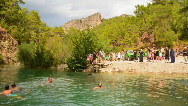 ▲ 在天然河潭清澈见底的水中畅游片刻。
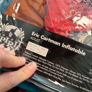 New never used. Adult South Park Eric Cartman inflatable costume. The size is OSFM. Comes as shown in the photos. Ask any and all questions. No returns.
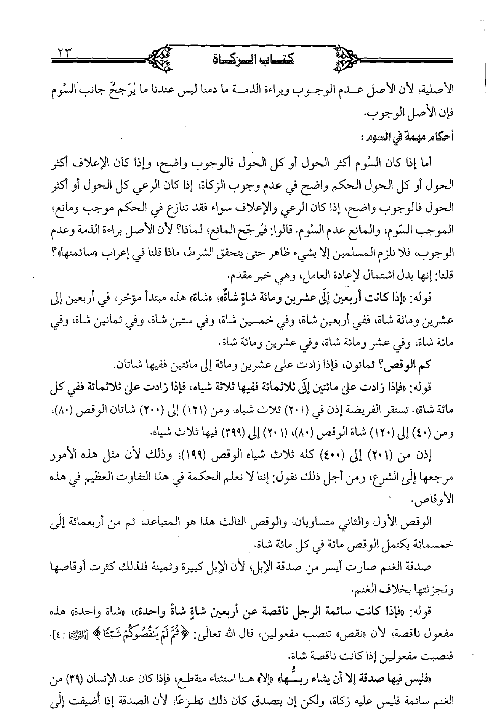 أما إذا كان السَّوم أكثر الحول أو كل الحول فالوجوب واضح، وإذا كان الإعلاف أكثر الحول أو كل الحول الحكم واضح في عدم وجوب الزكاة، إذا كان الرعي كل الحول أو أكثر الحول فالوجوب واضح، إذا كان الرعي والإعلاف سواء فقد تنازع في الحكم موجب ومانع؛ الموجب السّوم، والمانع عدم السَّوم. قالوا: فيرجّح المانع، لماذا؟ لأن الأصل براءة الذمة وعدم الوجوب، فلا نلزم المسلمين إلا بشيء ظاهر حتى يتحقق الشرط، ماذا قلنا في إعراب "سائمتها"؟ قلنا: إنها بدل اشتمال لإعادة العامل، وهي خبر مقدم.
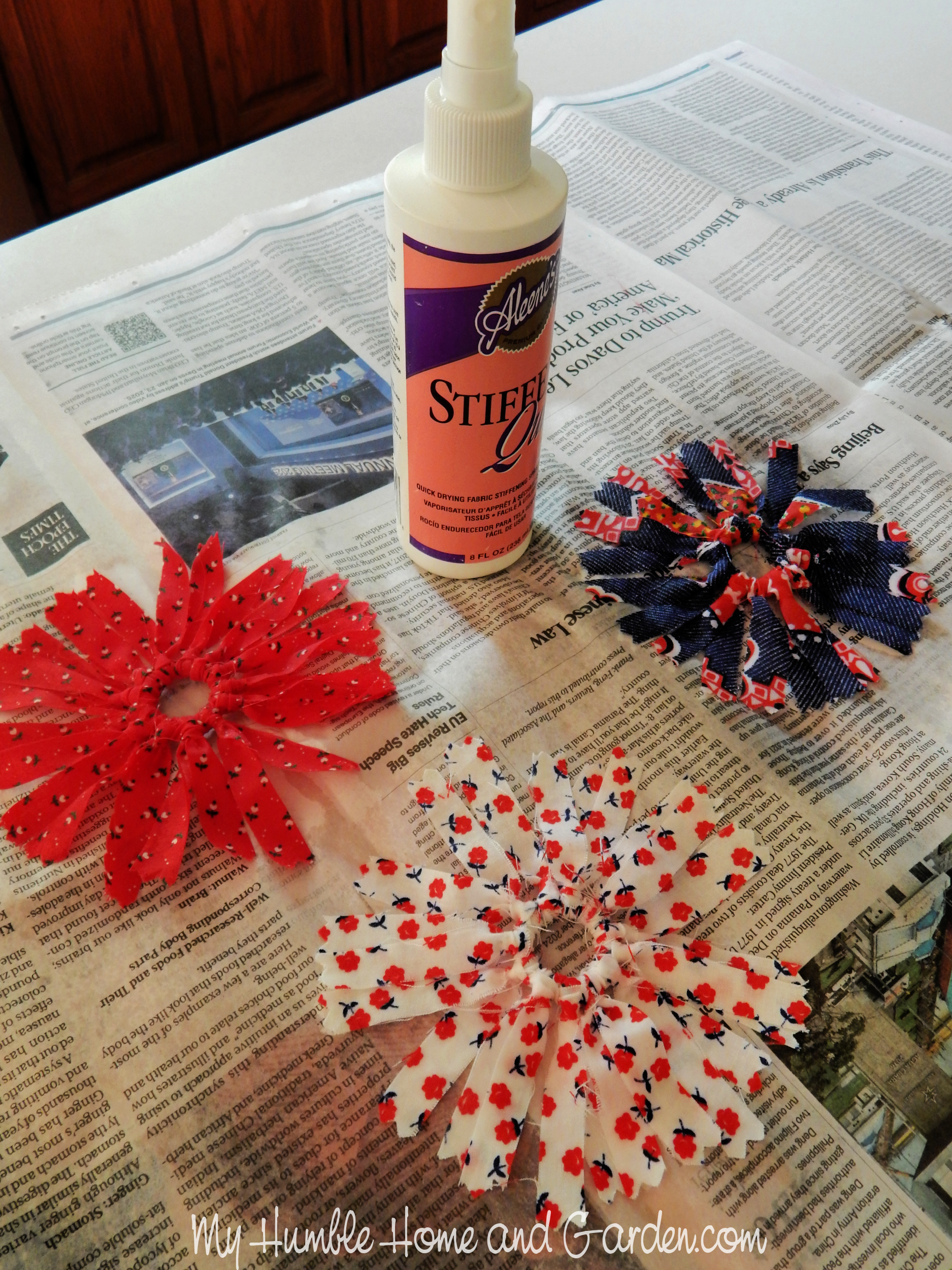 Saturate the fabric flowers with Stiffen Quick spray. How to Make Patriotic Fabric Ring Flowers in a Oui Jar. #ouijar #fabricringflowers #fabricflowers
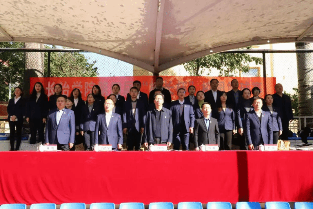 全体师生起立奏唱国歌。史晓东致辞讲话,指出比赛倡导健康活力的校园文化,希望裁判员严格遵守竞赛规则,确保比赛公平公正,球员们要秉持体育精神参赛,相互尊重,公平竞争,展现长院学子积极向上、活力四射的精神风貌。
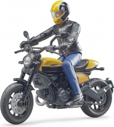 A BRUDER Scrambler DUCATI Cafe Racer részletgazdag motor modellje ideális a kis motorrajongók és a gyűjtők számára is. A valósághű kidolgozást – a látható motorelemektől az ülés formájáig – egy teljesen mozgatható motoros figura egészíti ki, amely természetes vezetési és akciópozíciókat tesz lehetővé.
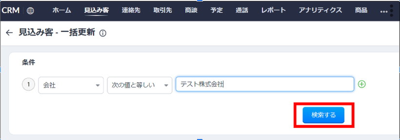 ※今回は、該当企業所属の見込み客のWebサイト項目を一括更新するため、下記画像のような条件とします
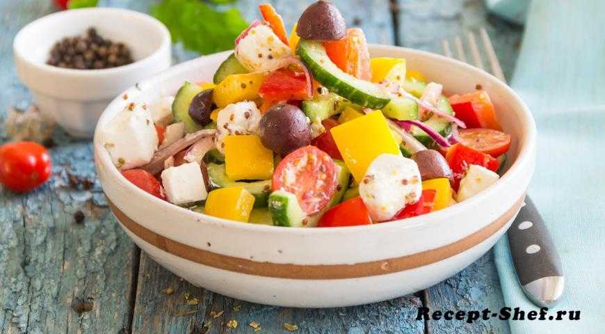 Необходимые ингредиенты: • огурцы – 2 шт. среднего размера • красный болгарский перец – 1 шт. • желтый болгарский перец – 1 шт. • помидоры черри — 200 г • красная луковица – ½ шт. • фета – 220 г • оливки сорта каламата — 100 г • чеснок – 2 зубчика • сухой орегано — 1 ч.л. • горчица — 1/2 ч.л. • красный винный уксус — 50 мл • морская соль — 1 ч.л. • черный перец крупного помола — 1/2 ч.л. • оливковое масло – 120 мл
= = =
_WORK ITEM_
Repeat the data exactly, dropping every picture it holds.

_EXERCISE RESPONSE_
 ▲ 在天然河潭清澈见底的水中畅游片刻。
 New never used. Adult South Park Eric Cartman inflatable costume. The size is OSFM. Comes as shown in the photos. Ask any and all questions. No returns.
 أما إذا كان السَّوم أكثر الحول أو كل الحول فالوجوب واضح، وإذا كان الإعلاف أكثر الحول أو كل الحول الحكم واضح في عدم وجوب الزكاة، إذا كان الرعي كل الحول أو أكثر الحول فالوجوب واضح، إذا كان الرعي والإعلاف سواء فقد تنازع في الحكم موجب ومانع؛ الموجب السّوم، والمانع عدم السَّوم. قالوا: فيرجّح المانع، لماذا؟ لأن الأصل براءة الذمة وعدم الوجوب، فلا نلزم المسلمين إلا بشيء ظاهر حتى يتحقق الشرط، ماذا قلنا في إعراب "سائمتها"؟ قلنا: إنها بدل اشتمال لإعادة العامل، وهي خبر مقدم.
 Saturate the fabric flowers with Stiffen Quick spray. How to Make Patriotic Fabric Ring Flowers in a Oui Jar. #ouijar #fabricringflowers #fabricflowers
 全体师生起立奏唱国歌。史晓东致辞讲话,指出比赛倡导健康活力的校园文化,希望裁判员严格遵守竞赛规则,确保比赛公平公正,球员们要秉持体育精神参赛,相互尊重,公平竞争,展现长院学子积极向上、活力四射的精神风貌。
 A BRUDER Scrambler DUCATI Cafe Racer részletgazdag motor modellje ideális a kis motorrajongók és a gyűjtők számára is. A valósághű kidolgozást – a látható motorelemektől az ülés formájáig – egy teljesen mozgatható motoros figura egészíti ki, amely természetes vezetési és akciópozíciókat tesz lehetővé.
 ※今回は、該当企業所属の見込み客のWebサイト項目を一括更新するため、下記画像のような条件とします
 Необходимые ингредиенты: • огурцы – 2 шт. среднего размера • красный болгарский перец – 1 шт. • желтый болгарский перец – 1 шт. • помидоры черри — 200 г • красная луковица – ½ шт. • фета – 220 г • оливки сорта каламата — 100 г • чеснок – 2 зубчика • сухой орегано — 1 ч.л. • горчица — 1/2 ч.л. • красный винный уксус — 50 мл • морская соль — 1 ч.л. • черный перец крупного помола — 1/2 ч.л. • оливковое масло – 120 мл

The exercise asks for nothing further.